» **Records supplied**
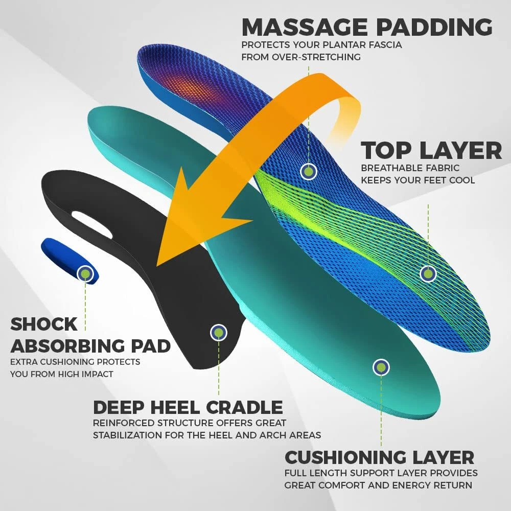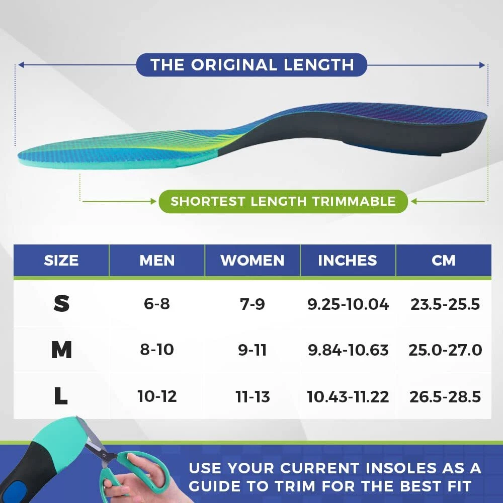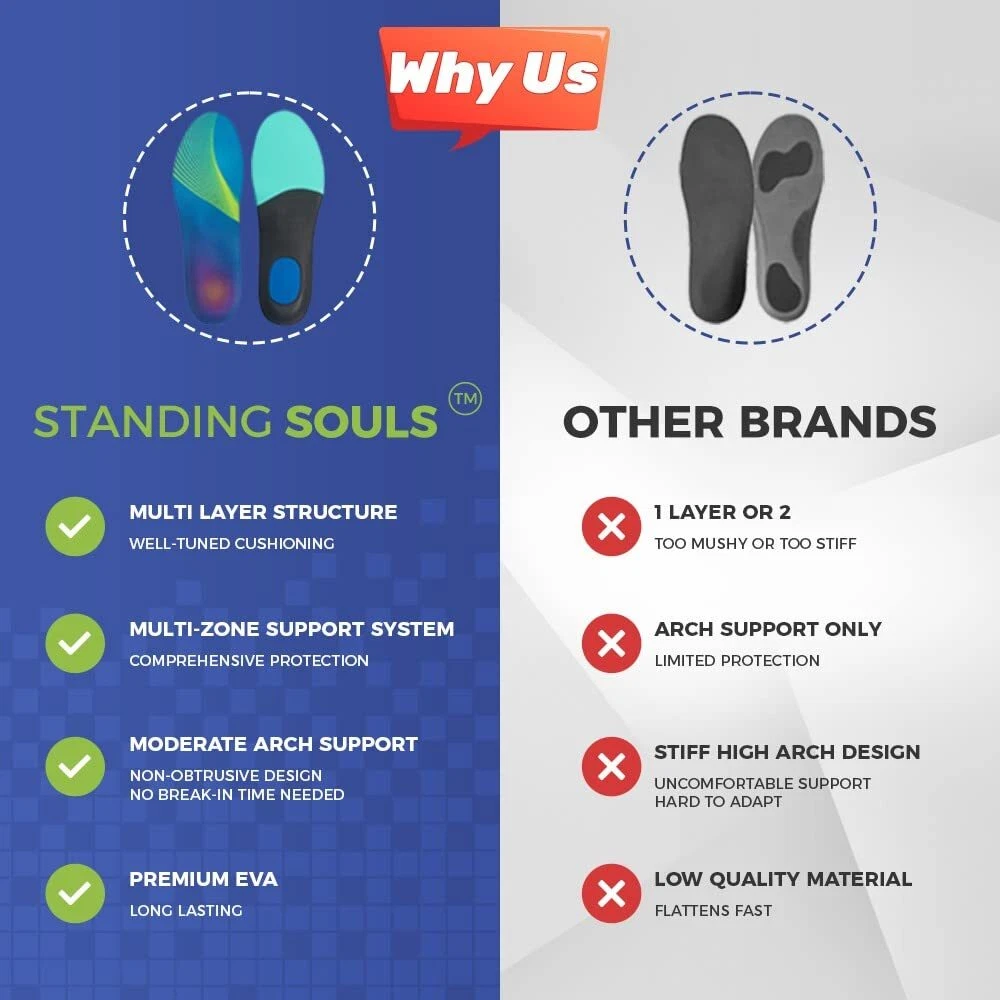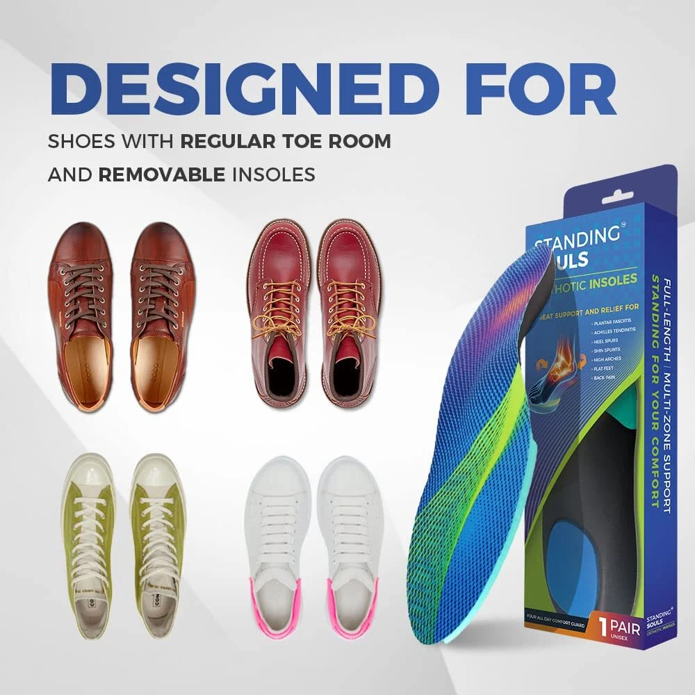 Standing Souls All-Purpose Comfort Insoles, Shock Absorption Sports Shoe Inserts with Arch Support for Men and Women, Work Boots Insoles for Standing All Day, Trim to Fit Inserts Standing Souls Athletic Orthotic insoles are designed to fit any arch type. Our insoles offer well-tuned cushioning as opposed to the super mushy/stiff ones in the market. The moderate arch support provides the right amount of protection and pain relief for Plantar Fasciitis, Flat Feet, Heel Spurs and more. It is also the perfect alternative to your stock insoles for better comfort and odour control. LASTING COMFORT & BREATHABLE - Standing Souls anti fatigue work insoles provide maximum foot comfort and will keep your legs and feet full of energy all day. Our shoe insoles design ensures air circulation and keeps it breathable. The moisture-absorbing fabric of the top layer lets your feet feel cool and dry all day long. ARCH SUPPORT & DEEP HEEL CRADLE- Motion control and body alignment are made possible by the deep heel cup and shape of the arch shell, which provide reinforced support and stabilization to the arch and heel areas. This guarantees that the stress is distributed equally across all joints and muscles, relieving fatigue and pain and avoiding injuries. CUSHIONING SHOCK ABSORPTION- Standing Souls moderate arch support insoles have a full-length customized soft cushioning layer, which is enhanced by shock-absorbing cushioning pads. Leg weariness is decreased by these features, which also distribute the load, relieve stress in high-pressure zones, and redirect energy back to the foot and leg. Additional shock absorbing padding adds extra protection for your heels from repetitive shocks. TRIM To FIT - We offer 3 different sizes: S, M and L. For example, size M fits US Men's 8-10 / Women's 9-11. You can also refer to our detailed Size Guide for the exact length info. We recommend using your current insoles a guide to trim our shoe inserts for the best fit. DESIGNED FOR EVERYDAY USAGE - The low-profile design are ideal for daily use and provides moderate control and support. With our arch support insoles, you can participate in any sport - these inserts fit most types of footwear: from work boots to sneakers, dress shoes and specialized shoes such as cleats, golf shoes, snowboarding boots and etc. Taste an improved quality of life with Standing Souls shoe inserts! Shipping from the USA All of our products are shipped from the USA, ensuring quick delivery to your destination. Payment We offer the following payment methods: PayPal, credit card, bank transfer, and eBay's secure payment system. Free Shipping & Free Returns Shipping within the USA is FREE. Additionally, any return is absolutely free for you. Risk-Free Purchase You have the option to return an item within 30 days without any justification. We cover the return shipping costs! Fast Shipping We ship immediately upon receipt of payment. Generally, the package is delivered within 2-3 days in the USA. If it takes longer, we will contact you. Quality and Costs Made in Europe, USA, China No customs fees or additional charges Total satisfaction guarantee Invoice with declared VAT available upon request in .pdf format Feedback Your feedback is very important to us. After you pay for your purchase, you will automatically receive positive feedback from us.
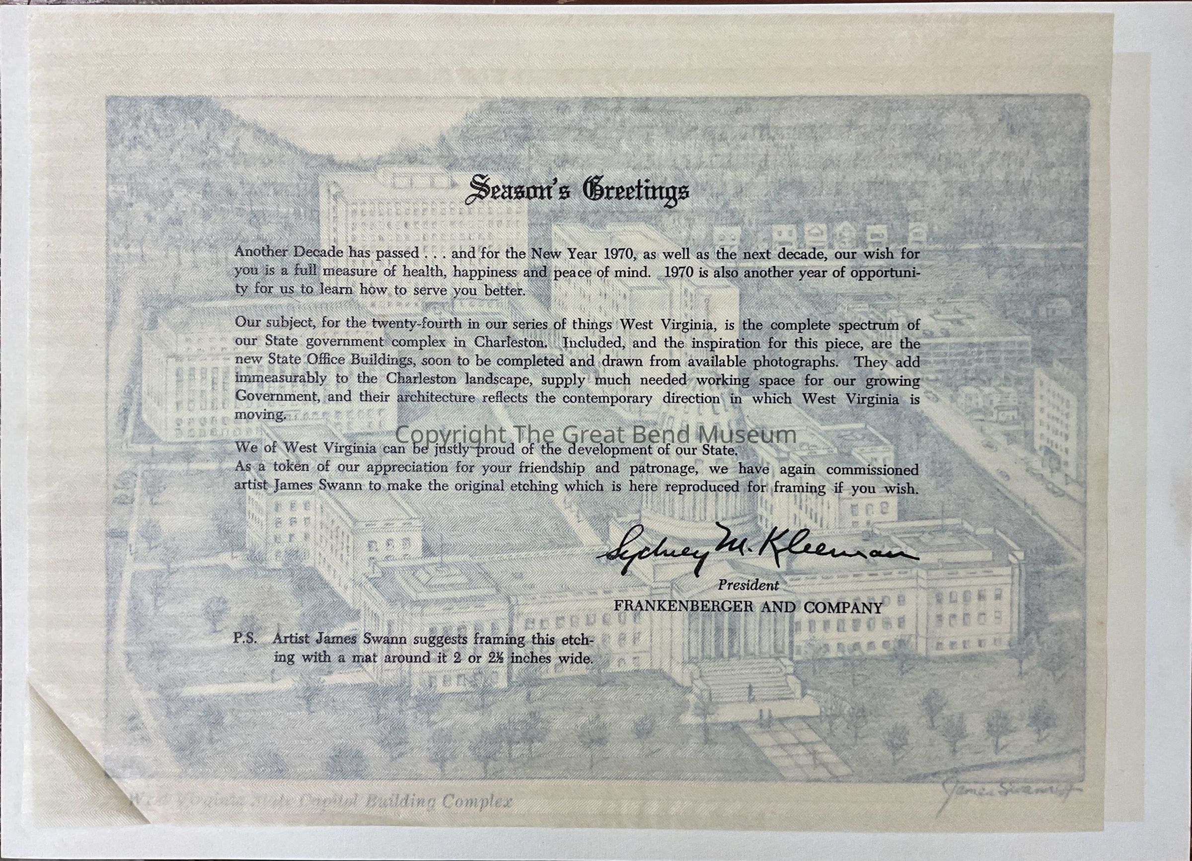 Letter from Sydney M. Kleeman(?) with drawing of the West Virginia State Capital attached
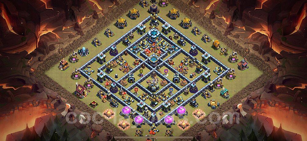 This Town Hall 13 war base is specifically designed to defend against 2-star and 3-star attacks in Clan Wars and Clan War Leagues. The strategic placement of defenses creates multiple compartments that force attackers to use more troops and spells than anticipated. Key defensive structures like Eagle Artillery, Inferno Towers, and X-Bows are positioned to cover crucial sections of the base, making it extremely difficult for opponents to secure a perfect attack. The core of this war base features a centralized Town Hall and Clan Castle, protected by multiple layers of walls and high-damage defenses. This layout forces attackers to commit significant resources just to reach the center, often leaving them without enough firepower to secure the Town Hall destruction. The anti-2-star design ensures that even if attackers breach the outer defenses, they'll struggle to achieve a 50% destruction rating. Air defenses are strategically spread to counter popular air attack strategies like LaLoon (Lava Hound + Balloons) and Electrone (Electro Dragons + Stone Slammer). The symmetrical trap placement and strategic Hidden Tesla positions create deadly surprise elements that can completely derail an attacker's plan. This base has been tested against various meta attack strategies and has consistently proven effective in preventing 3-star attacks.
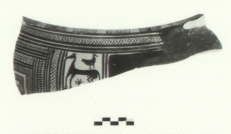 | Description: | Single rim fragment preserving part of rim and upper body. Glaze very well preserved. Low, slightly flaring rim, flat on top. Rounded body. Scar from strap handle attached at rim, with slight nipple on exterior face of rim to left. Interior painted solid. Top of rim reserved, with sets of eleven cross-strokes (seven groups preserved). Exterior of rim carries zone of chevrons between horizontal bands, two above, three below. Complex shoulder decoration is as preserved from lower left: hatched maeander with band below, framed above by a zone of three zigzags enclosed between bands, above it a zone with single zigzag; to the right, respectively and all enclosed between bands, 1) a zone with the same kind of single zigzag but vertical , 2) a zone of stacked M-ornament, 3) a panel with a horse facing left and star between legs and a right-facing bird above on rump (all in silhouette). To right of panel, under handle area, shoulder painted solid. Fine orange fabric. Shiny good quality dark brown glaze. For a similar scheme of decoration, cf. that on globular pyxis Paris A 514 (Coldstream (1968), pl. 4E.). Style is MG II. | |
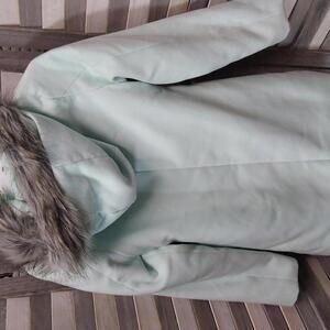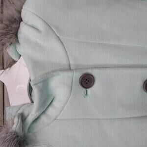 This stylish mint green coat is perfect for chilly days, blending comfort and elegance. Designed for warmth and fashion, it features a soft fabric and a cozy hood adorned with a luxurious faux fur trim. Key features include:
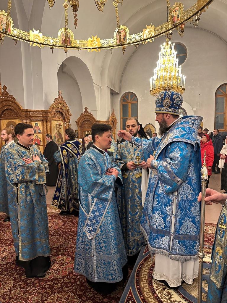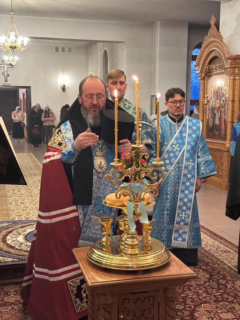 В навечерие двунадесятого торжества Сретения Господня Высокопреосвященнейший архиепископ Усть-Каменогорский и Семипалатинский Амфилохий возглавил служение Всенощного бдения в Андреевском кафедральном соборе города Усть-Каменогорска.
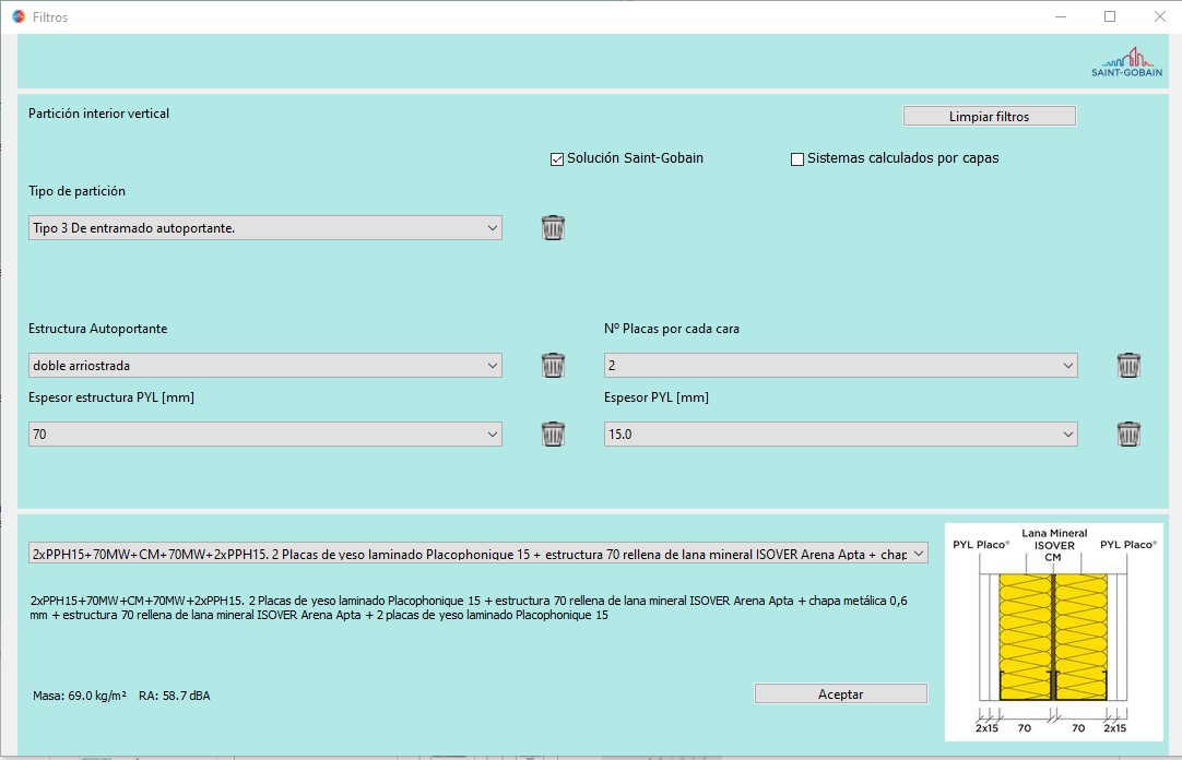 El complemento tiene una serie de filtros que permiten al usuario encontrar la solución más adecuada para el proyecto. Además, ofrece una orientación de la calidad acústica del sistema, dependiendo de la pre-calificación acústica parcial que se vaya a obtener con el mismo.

» **Required action**
Images must not appear; print each record precisely as it reads.

» **Written response**
 Standing Souls All-Purpose Comfort Insoles, Shock Absorption Sports Shoe Inserts with Arch Support for Men and Women, Work Boots Insoles for Standing All Day, Trim to Fit Inserts Standing Souls Athletic Orthotic insoles are designed to fit any arch type. Our insoles offer well-tuned cushioning as opposed to the super mushy/stiff ones in the market. The moderate arch support provides the right amount of protection and pain relief for Plantar Fasciitis, Flat Feet, Heel Spurs and more. It is also the perfect alternative to your stock insoles for better comfort and odour control. LASTING COMFORT & BREATHABLE - Standing Souls anti fatigue work insoles provide maximum foot comfort and will keep your legs and feet full of energy all day. Our shoe insoles design ensures air circulation and keeps it breathable. The moisture-absorbing fabric of the top layer lets your feet feel cool and dry all day long. ARCH SUPPORT & DEEP HEEL CRADLE- Motion control and body alignment are made possible by the deep heel cup and shape of the arch shell, which provide reinforced support and stabilization to the arch and heel areas. This guarantees that the stress is distributed equally across all joints and muscles, relieving fatigue and pain and avoiding injuries. CUSHIONING SHOCK ABSORPTION- Standing Souls moderate arch support insoles have a full-length customized soft cushioning layer, which is enhanced by shock-absorbing cushioning pads. Leg weariness is decreased by these features, which also distribute the load, relieve stress in high-pressure zones, and redirect energy back to the foot and leg. Additional shock absorbing padding adds extra protection for your heels from repetitive shocks. TRIM To FIT - We offer 3 different sizes: S, M and L. For example, size M fits US Men's 8-10 / Women's 9-11. You can also refer to our detailed Size Guide for the exact length info. We recommend using your current insoles a guide to trim our shoe inserts for the best fit. DESIGNED FOR EVERYDAY USAGE - The low-profile design are ideal for daily use and provides moderate control and support. With our arch support insoles, you can participate in any sport - these inserts fit most types of footwear: from work boots to sneakers, dress shoes and specialized shoes such as cleats, golf shoes, snowboarding boots and etc. Taste an improved quality of life with Standing Souls shoe inserts! Shipping from the USA All of our products are shipped from the USA, ensuring quick delivery to your destination. Payment We offer the following payment methods: PayPal, credit card, bank transfer, and eBay's secure payment system. Free Shipping & Free Returns Shipping within the USA is FREE. Additionally, any return is absolutely free for you. Risk-Free Purchase You have the option to return an item within 30 days without any justification. We cover the return shipping costs! Fast Shipping We ship immediately upon receipt of payment. Generally, the package is delivered within 2-3 days in the USA. If it takes longer, we will contact you. Quality and Costs Made in Europe, USA, China No customs fees or additional charges Total satisfaction guarantee Invoice with declared VAT available upon request in .pdf format Feedback Your feedback is very important to us. After you pay for your purchase, you will automatically receive positive feedback from us.
 Letter from Sydney M. Kleeman(?) with drawing of the West Virginia State Capital attached
 This Town Hall 13 war base is specifically designed to defend against 2-star and 3-star attacks in Clan Wars and Clan War Leagues. The strategic placement of defenses creates multiple compartments that force attackers to use more troops and spells than anticipated. Key defensive structures like Eagle Artillery, Inferno Towers, and X-Bows are positioned to cover crucial sections of the base, making it extremely difficult for opponents to secure a perfect attack. The core of this war base features a centralized Town Hall and Clan Castle, protected by multiple layers of walls and high-damage defenses. This layout forces attackers to commit significant resources just to reach the center, often leaving them without enough firepower to secure the Town Hall destruction. The anti-2-star design ensures that even if attackers breach the outer defenses, they'll struggle to achieve a 50% destruction rating. Air defenses are strategically spread to counter popular air attack strategies like LaLoon (Lava Hound + Balloons) and Electrone (Electro Dragons + Stone Slammer). The symmetrical trap placement and strategic Hidden Tesla positions create deadly surprise elements that can completely derail an attacker's plan. This base has been tested against various meta attack strategies and has consistently proven effective in preventing 3-star attacks.
 | Description: | Single rim fragment preserving part of rim and upper body. Glaze very well preserved. Low, slightly flaring rim, flat on top. Rounded body. Scar from strap handle attached at rim, with slight nipple on exterior face of rim to left. Interior painted solid. Top of rim reserved, with sets of eleven cross-strokes (seven groups preserved). Exterior of rim carries zone of chevrons between horizontal bands, two above, three below. Complex shoulder decoration is as preserved from lower left: hatched maeander with band below, framed above by a zone of three zigzags enclosed between bands, above it a zone with single zigzag; to the right, respectively and all enclosed between bands, 1) a zone with the same kind of single zigzag but vertical , 2) a zone of stacked M-ornament, 3) a panel with a horse facing left and star between legs and a right-facing bird above on rump (all in silhouette). To right of panel, under handle area, shoulder painted solid. Fine orange fabric. Shiny good quality dark brown glaze. For a similar scheme of decoration, cf. that on globular pyxis Paris A 514 (Coldstream (1968), pl. 4E.). Style is MG II. | |
 This stylish mint green coat is perfect for chilly days, blending comfort and elegance. Designed for warmth and fashion, it features a soft fabric and a cozy hood adorned with a luxurious faux fur trim. Key features include:
 В навечерие двунадесятого торжества Сретения Господня Высокопреосвященнейший архиепископ Усть-Каменогорский и Семипалатинский Амфилохий возглавил служение Всенощного бдения в Андреевском кафедральном соборе города Усть-Каменогорска.
 El complemento tiene una serie de filtros que permiten al usuario encontrar la solución más adecuada para el proyecto. Además, ofrece una orientación de la calidad acústica del sistema, dependiendo de la pre-calificación acústica parcial que se vaya a obtener con el mismo.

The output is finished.